J Street: Calls itself the “pro-Israel, pro-peace” lobby. Generally backs the Obama administration. Challenges the Netanyahu government frequently. Experiencing huge growth since it began five years ago.

Conference of Presidents: Officially, the Conference of Presidents of Major Jewish Organizations, but its 51 members include a lot of minor groups as well. Established in 1956 to present a more unified Jewish voice on Israel to the White House and beyond. Bills itself now as the umbrella group for all “pro-Israel” activities, from left to right.

So a reasonable outsider may ask: What’s the problem? J Street’s politics are to the left, but no more than other groups already in the Conference. (See: Americans for Peace Now.) The dovish lobby, now five years old, fulfills the official membership requirements — which, it appears, not all the 51 members do.
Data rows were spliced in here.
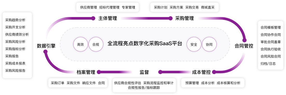 实现外部供应商准入、寻源、执行、结算全过程协同;内部采购、法务、质量、仓库、财务全角色协作。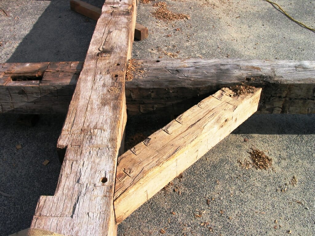L) Hewn timber : Timber converted to size by an axe and the end.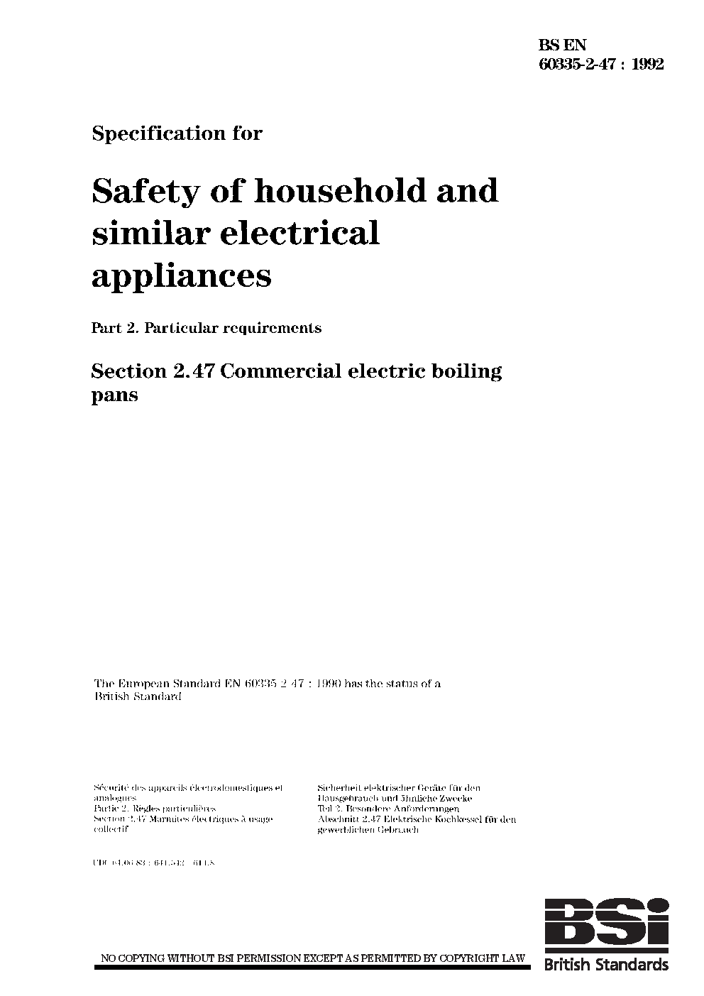 Specification for safety of household and similar electrical appliances. Particular requirements Commercial electric boiling pans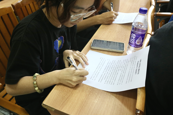 学生干部签署承诺书(张林 摄)

With 180,000 supporters in nearly 40 chapters nationwide, along with another 50 chapters on college campuses, J Street is way larger than many of the Conference’s other members. (See: B’nai Zion Foundation, MERCAZ USA, and more.)

But this argument is not on the merits. That’s the first problem. The second is that it is conducted largely in secret. Only because of the dogged reporting of journalists like our Nathan Guttman do we even have a glimpse of what has gone on behind closed doors in these deliberations, which may — or may not — culminate in a vote tomorrow night.
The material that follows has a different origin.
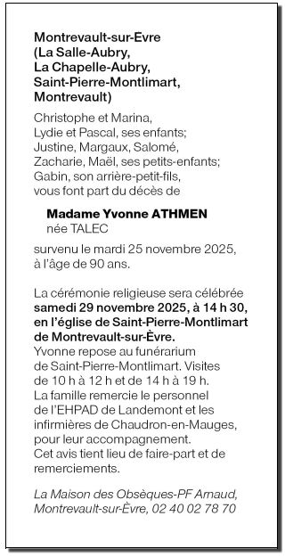 de Madame Yvonne ATHMEN née TALEC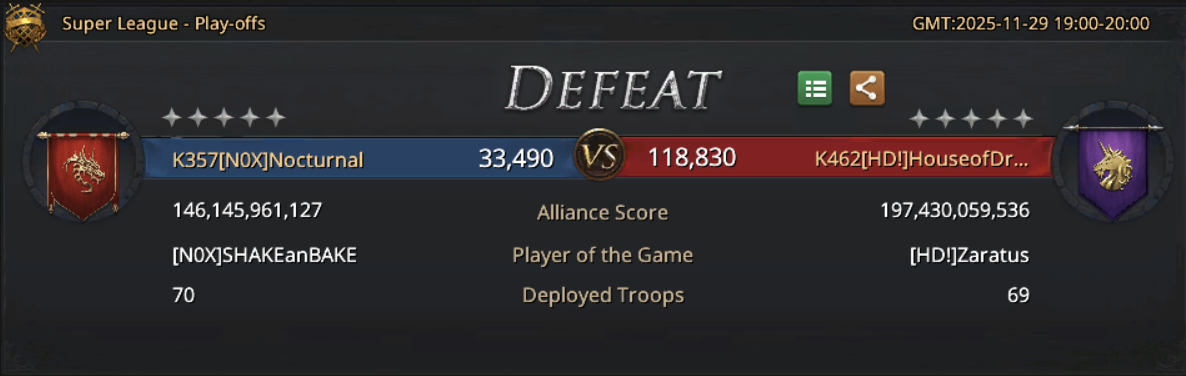 Once the first rallies and solos started to hit, [HD!] noticed the surprise [N0X] prepared for them, they did bring in only low tier troops for the match, to try and help their strongest warriors rank higher in the overall eliminations chart. But knowing that now, will anything stop [HD!] from unleashing their full force at [N0X]?

The absence of transparency leads inevitably to the perception that a handful of people are deciding which organizations get to call themselves “pro-Israel” and then purport to speak for everyone. But they don’t. They can’t.

We would have liked to put these issues directly to Malcolm Hoenlein, the executive vice chair of the Conference since 1986. But as has been his custom for the last five years, he refused to return our phone call.
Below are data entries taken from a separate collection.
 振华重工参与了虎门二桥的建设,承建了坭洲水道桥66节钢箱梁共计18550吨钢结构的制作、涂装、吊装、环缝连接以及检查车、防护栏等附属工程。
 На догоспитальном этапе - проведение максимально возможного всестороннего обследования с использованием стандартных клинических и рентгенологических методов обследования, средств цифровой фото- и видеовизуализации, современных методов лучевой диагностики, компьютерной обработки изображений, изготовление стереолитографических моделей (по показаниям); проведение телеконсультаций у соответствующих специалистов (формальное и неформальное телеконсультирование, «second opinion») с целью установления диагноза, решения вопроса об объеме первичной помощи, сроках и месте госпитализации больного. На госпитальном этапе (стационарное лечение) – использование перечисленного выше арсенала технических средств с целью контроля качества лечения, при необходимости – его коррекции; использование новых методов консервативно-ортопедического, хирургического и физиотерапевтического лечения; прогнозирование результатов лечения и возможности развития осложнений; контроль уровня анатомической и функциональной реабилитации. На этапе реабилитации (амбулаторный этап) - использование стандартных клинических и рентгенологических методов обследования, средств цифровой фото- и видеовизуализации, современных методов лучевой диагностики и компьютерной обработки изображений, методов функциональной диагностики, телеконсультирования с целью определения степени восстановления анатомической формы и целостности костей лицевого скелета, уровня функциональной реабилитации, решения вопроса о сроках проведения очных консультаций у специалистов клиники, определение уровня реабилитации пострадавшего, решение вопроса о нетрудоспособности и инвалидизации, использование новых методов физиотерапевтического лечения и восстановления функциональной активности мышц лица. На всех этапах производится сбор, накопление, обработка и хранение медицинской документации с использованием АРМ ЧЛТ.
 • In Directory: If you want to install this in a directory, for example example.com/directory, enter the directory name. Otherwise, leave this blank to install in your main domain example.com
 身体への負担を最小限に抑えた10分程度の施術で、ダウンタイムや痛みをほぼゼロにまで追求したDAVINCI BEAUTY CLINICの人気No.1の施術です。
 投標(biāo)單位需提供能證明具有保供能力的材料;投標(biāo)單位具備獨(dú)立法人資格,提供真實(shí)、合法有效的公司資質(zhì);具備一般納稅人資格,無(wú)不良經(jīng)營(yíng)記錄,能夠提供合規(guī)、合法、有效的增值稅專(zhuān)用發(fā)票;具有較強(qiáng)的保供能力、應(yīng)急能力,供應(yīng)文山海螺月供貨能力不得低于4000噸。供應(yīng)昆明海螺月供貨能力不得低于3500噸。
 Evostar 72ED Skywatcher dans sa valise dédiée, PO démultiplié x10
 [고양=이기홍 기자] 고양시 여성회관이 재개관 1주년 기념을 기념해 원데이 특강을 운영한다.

The legitimate case against granting J Street membership is that it has a related PAC, a separate organization that channels money to political candidates, something other Conference members do not do. But you get the sense that’s not what has so deeply bothered its opponents.

Rather, it’s the way that J Street’s President, Jeremy Ben-Ami, has disagreed with and sometimes challenged the Netanyahu government, and therefore supposedly giving succor to those who wish to harm or delegitimize Israel.

But to declare that the reason for exclusion is simply hypocritical. The Zionist Organization of America has vehemently disagreed with Israeli leaders in the past, and it’s a member in good standing. As it should be. The Conference should represent all legitimate points of view, no matter who is in power in Jerusalem.

As of this writing, it’s not clear whether there will actually be a vote tomorrow – the rules are complicated – or whether J Street’s fate will be decided via a secret mail ballot over the following ten days. Two-thirds of the current members, totaling 34, must vote in favor.

J Street supporters privately say that a mail ballot will help their cause, presuming that some Conference members would rather not publicize their votes. Nonetheless, such secrecy harms the larger cause of transparency and trust in Jewish leadership.

Some Conference members have openly declared that they support J Street’s membership. We think all 51 should do so. However they vote, they should be willing to defend it to the Jews they claim to represent.